→ Prompt:
Retype exactly what appears below from the line containing "I am not sure" down to the line containing "Title: Untitled (Church)", keeping both end lines. Do not include pictures.

→ Data in this exercise:
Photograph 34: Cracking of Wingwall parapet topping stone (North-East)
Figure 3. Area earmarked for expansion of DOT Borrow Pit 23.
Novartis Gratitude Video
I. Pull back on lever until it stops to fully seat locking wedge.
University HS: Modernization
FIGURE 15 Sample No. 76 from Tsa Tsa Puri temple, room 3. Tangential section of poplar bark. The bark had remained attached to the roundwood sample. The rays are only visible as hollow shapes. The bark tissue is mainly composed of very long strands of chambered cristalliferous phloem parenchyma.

...

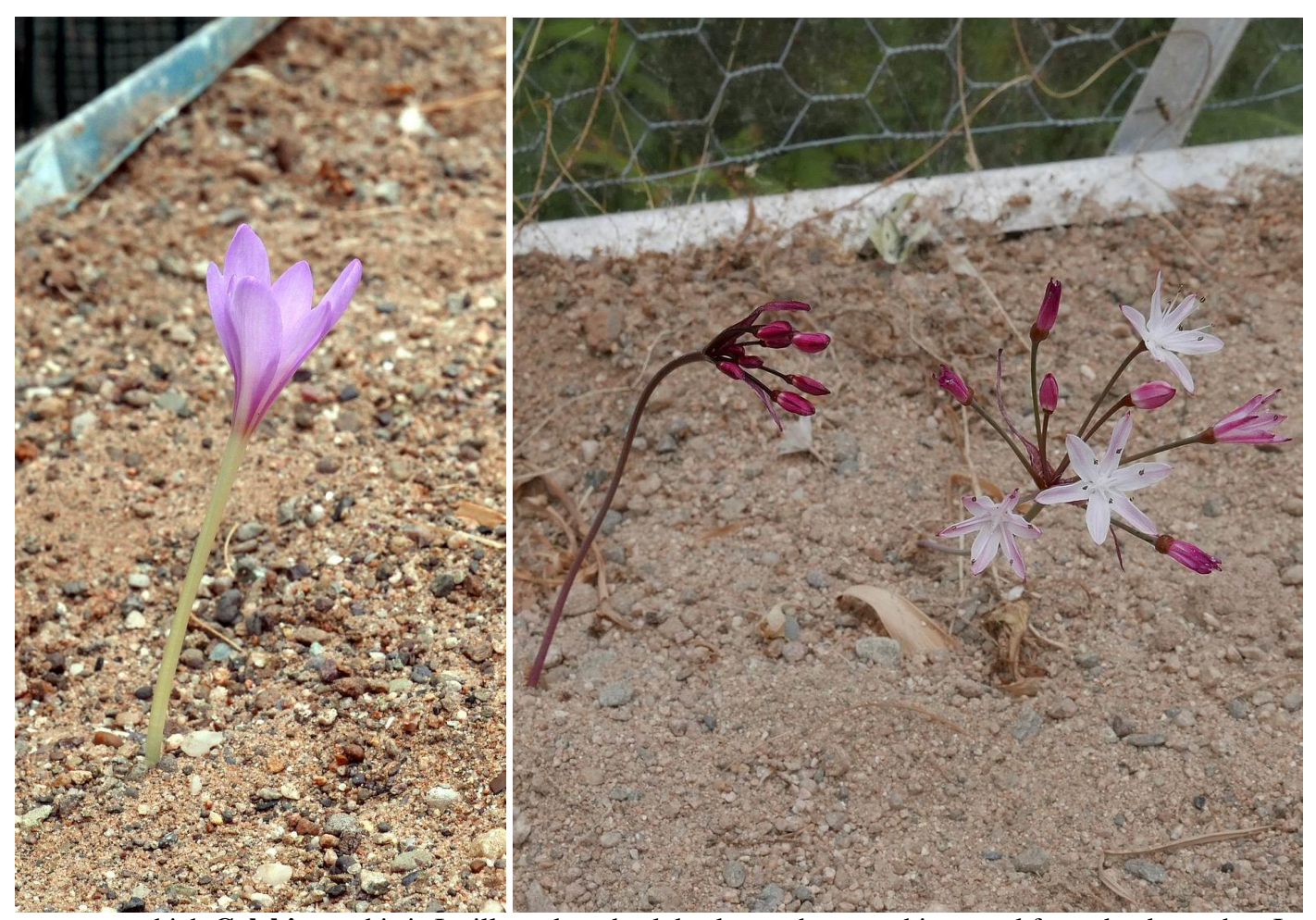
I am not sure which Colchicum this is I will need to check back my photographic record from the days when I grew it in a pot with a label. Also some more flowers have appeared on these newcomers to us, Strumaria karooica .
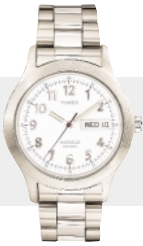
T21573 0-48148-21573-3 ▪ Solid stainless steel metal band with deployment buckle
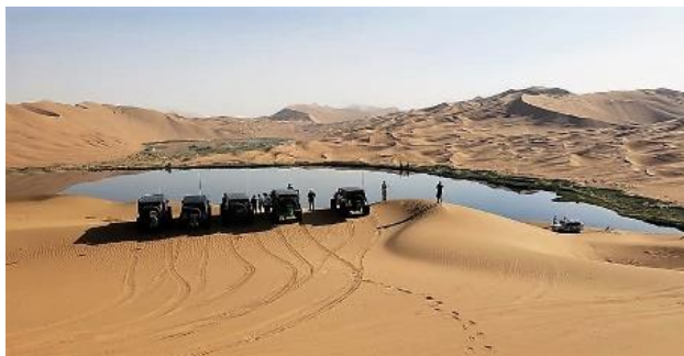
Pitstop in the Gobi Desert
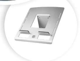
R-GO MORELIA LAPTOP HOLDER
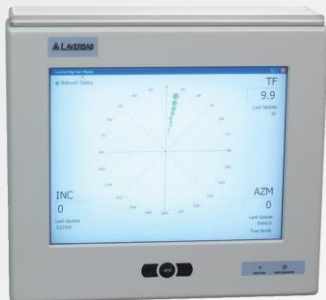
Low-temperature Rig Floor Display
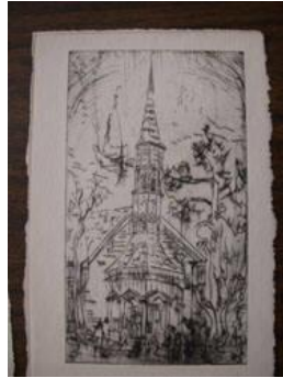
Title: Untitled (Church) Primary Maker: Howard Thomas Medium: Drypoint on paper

==

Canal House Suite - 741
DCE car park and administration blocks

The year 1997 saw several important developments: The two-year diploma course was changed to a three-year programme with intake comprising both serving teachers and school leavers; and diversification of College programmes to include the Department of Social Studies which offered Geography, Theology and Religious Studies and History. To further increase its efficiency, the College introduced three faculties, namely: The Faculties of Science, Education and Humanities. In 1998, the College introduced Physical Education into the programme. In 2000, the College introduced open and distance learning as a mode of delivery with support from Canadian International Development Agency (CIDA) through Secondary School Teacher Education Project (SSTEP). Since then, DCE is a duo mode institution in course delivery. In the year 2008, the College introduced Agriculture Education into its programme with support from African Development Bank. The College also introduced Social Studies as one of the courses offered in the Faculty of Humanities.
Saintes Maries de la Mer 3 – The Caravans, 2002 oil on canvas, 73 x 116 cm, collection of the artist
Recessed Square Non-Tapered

→ Task response:
I am not sure which Colchicum this is I will need to check back my photographic record from the days when I grew it in a pot with a label. Also some more flowers have appeared on these newcomers to us, Strumaria karooica .
T21573 0-48148-21573-3 ▪ Solid stainless steel metal band with deployment buckle
Pitstop in the Gobi Desert
R-GO MORELIA LAPTOP HOLDER
Low-temperature Rig Floor Display
Title: Untitled (Church) Primary Maker: Howard Thomas Medium: Drypoint on paper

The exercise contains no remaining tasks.